■ What is being asked: All lines from the one containing "Retro from waist" through the final line of the material below must appear exactly as they are, with nothing else.
#### Records supplied ####
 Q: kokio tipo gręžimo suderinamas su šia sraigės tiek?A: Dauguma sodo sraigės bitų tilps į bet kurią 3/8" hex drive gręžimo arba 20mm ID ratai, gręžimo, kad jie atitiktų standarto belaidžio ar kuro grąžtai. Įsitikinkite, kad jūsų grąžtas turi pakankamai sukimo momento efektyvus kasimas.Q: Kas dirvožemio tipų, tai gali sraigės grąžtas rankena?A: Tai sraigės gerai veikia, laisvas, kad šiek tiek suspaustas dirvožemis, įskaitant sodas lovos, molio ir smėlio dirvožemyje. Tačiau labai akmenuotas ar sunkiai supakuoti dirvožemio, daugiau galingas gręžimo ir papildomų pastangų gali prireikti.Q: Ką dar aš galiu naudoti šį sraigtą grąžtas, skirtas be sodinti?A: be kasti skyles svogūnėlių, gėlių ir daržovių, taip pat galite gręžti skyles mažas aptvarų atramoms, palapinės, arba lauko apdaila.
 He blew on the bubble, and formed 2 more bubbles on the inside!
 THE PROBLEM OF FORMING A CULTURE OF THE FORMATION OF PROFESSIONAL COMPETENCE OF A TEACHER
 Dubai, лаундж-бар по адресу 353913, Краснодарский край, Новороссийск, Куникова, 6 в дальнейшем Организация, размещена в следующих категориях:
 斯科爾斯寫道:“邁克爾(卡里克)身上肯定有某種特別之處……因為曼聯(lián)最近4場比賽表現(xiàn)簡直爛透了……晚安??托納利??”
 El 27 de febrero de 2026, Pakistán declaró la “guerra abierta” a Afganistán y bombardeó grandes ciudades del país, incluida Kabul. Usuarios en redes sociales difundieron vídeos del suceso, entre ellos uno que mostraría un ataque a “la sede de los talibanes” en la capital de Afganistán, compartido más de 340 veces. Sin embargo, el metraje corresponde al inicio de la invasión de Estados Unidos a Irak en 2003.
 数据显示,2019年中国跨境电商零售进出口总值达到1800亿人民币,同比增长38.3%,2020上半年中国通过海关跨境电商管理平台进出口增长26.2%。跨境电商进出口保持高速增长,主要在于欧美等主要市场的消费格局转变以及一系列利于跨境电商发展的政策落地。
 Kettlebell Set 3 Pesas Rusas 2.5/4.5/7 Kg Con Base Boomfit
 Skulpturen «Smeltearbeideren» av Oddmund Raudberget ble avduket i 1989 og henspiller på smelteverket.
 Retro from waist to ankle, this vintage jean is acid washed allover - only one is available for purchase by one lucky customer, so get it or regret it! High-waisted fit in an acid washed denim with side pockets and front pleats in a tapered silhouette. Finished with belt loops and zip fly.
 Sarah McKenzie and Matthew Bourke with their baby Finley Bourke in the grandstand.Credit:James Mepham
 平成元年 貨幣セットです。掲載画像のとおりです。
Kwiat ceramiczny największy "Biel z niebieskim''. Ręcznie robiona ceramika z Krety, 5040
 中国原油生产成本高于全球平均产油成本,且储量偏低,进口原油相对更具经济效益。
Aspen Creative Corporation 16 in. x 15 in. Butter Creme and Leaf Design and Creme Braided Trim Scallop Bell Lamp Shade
####
■ Answer section:
 Retro from waist to ankle, this vintage jean is acid washed allover - only one is available for purchase by one lucky customer, so get it or regret it! High-waisted fit in an acid washed denim with side pockets and front pleats in a tapered silhouette. Finished with belt loops and zip fly.
 Sarah McKenzie and Matthew Bourke with their baby Finley Bourke in the grandstand.Credit:James Mepham
 平成元年 貨幣セットです。掲載画像のとおりです。
Kwiat ceramiczny największy "Biel z niebieskim''. Ręcznie robiona ceramika z Krety, 5040
 中国原油生产成本高于全球平均产油成本,且储量偏低,进口原油相对更具经济效益。
Aspen Creative Corporation 16 in. x 15 in. Butter Creme and Leaf Design and Creme Braided Trim Scallop Bell Lamp Shade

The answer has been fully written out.